Shares of e-commerce company Pinduoduo are now trading down 41.6 percent from their peak in mid-February, closing at $118.33 on May 17, which means the market capitalization vanished by $100.8 billion.
On May 10, the Shanghai Consumer Council summoned Pinduoduo representatives to a meeting and addressed problems like product quality and after-sales services. Its Nasdaq-listed shares sank over 9 percent a day later.
Other e-commerce platforms, JD.com and Alibaba Group Holding, also saw investors soured by their poor growth prospects due to a widened crackdown on the country’s internet giants. Nasdaq-listed shares of JD.com have fallen over 36 percent since it hit its all-time high on Feb. 17. Its rival, Alibaba’s NYSE-listed shares tanked about 32 percent since last November, evaporating by over $268.9 billion.
Alibaba’s shares have been on the downtrend since Jack Ma, the founder and former CEO, publicly criticized regulators.
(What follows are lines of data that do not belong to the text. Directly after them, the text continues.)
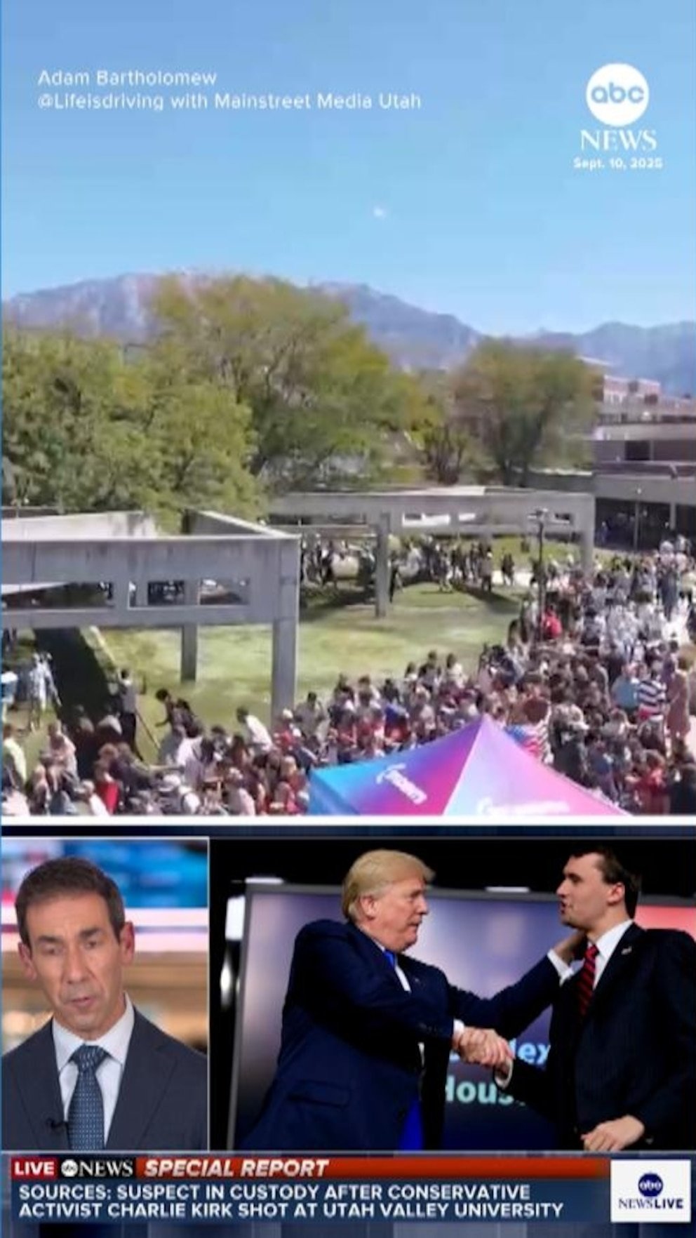 Las imágenes muestran a una multitud de personas que corren y se cubrieron después de que alguien recurrió al comentarista conservador Charlie Kirk en el campus del Valle de la Universidad de Utah.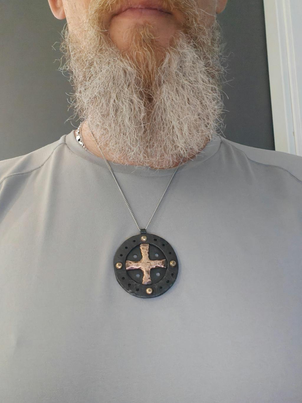 Hand-Forged Sun Cross Pendant In Iron and Bronze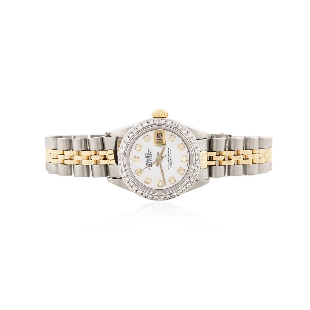 One ladies, hand crafted & machine milled Rolex DateJust Model wristwatch electronically tested, Stainless Steel Case: 26mm oyster, Crown: 14KT yellow gold twinlock with logo, Custom Bezel: diamond set, Custom Crystal: synthetic sapphire cyclops lens. Movement: superlative chronometer. Custom Dial: light mother of pearl, with baton hands, and diamond markers, Date Window: 3 o'clock position date display, quick set, Circa: 1983, Condition: G-4 Average. Bracelet: stainless steel and 14KT yellow gold jubilee. Bright polish & brushed finish. Six and three quarter inch length, adjustable. Standard clasp, with logo. Containing: Forty round brilliant cut diamonds, 1.50mm in diameter average, approximate. Total Weight of 40 stones = 0.50ct. Set and graded in the bezel. Clarity: SI-1 to I-1. Color: F - H. Total Weight of Diamonds 0.50ct. Total Weight of Watch 54.73 grams. AIG Appraised at $8,050.00.

On May 13, Alibaba reported (pdf) the first quarterly loss of $1,170 million since it went public in 2014, after the regime slapped it with a record $2.8 billion antitrust fine on April 10.
This salvo of events marks the beginning of the Chinese regime’s campaign to curb the growing influence of homegrown internet giants, such as Alibaba, which serves over 8 million active users on its e-commerce platform.
China’s internet platforms engaged in financial services, tutoring, food delivery, and retail have all come under scrutiny recently, with many fined, required to rectify their practices, and even required to restructure.
Shares in Meituan, the country’s largest on-demand food delivery platform, closed at a 7-month low on May 14, as public scrutiny mounts.